Brendan MacLean responded:  2013-01-16
Hi Laura,
I understand from your direct email to me that Mascot still complains about the number of peaks in the MGF files you are generating with MSConvertGUI, using the settings I posted. After further inspection, I have found that I missed a step: once you have the Peak Picking settings set up the way I showed, you actually need to click the Add button in MSConvertGUI to add the peak picking filter, before you do the conversion.

I have posted a new version of the PowerPoint slide showing how MSConvertGUI should be configured before you click the Start button.

Hope this will work for you. You will want the same settings for your mzXML file conversion.

I have a library builder that can import your pepXML and mzXML now, but in getting this to work, I was reminded that Proteome Discoverer writes out pepXML with broken modifications specified. See the end of this thread for details:

So, you will want to continue working on the MSConvertGUI conversion of your RAW file to an MGF with proper RT and source file information. See the attached PowerPoint slide for details.

Sorry this has taken so long. Thanks for your patience.

leedward responded:  2013-01-17

Thanks for the information. I guess I didn't know how to generate the mgf/mzXML files correctly using Proteowizard. It seems that I won't be able to use PD generated pep.xml files to create spectral libraries, based on the other thread you sent me a link to. That is too bad considering that the other workflow (using mgf files) requires me to re-search my data with Mascot (not a huge deal, but still would've been nice not to have to re-search the data).
I went ahead and regenerated the mgf file then searched it in Mascot. The error that I was getting before does not show up anymore. I then attempted to create a spectral library with the .dat file and was successful! The base name and retention times are displayed now. Thanks again for being patient and helping me set up a spectral library.

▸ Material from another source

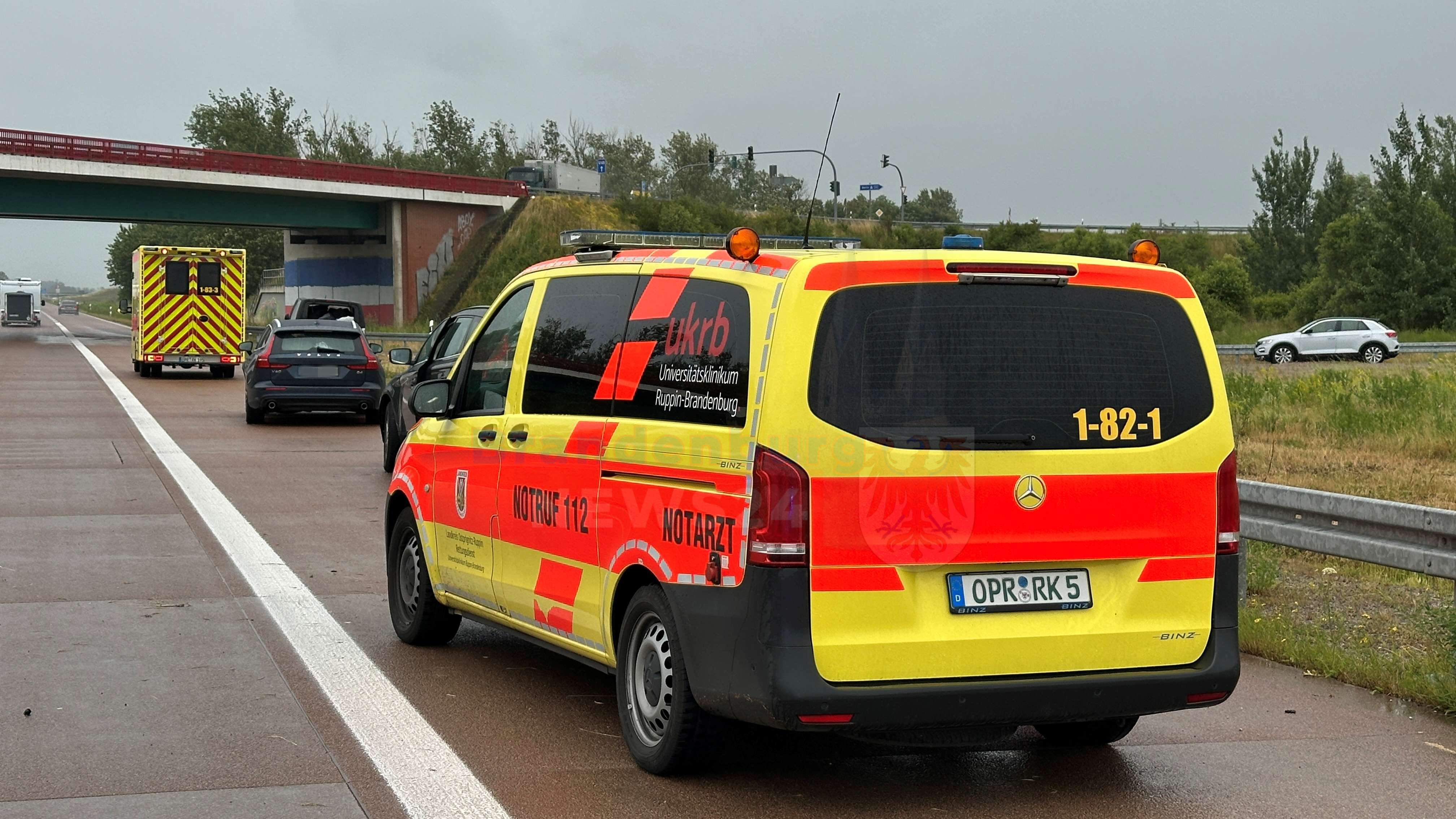 Neuruppin. Am Freitagnachmittag ereignete sich auf der A24 in Fahrtrichtung Berlin zwischen den Abfahrten Neuruppin und Neuruppin Süd ein Auffahrunfall mit drei beteiligten Fahrzeugen. Dabei wurden vier Personen verletzt, darunter ein sechsjähriger Junge. Die Autobahn musste für rund zwei Stunden voll gesperrt werden, was zu kilometerlangen Staus führte.

Brendan MacLean responded:  2013-01-17
Hi Laura,
As is usually the case when the same issue crops up over and over, we are starting to think of work-arounds that would allow us to create valid spectral libraries from the Proteome Discoverer pepXML, which does not follow the pepXML specification for its amino acid modifications. So, we may have a fix for that in the near future.

We are also going to increase the priority on our effort to make it possible to build spectral libraries directly from .msf files. Hopefully, we will be able to release that feature in the next month or two.

Thanks for your feedback, and your willingness to try a work-around until we can make support for your preferred workflow more seamless.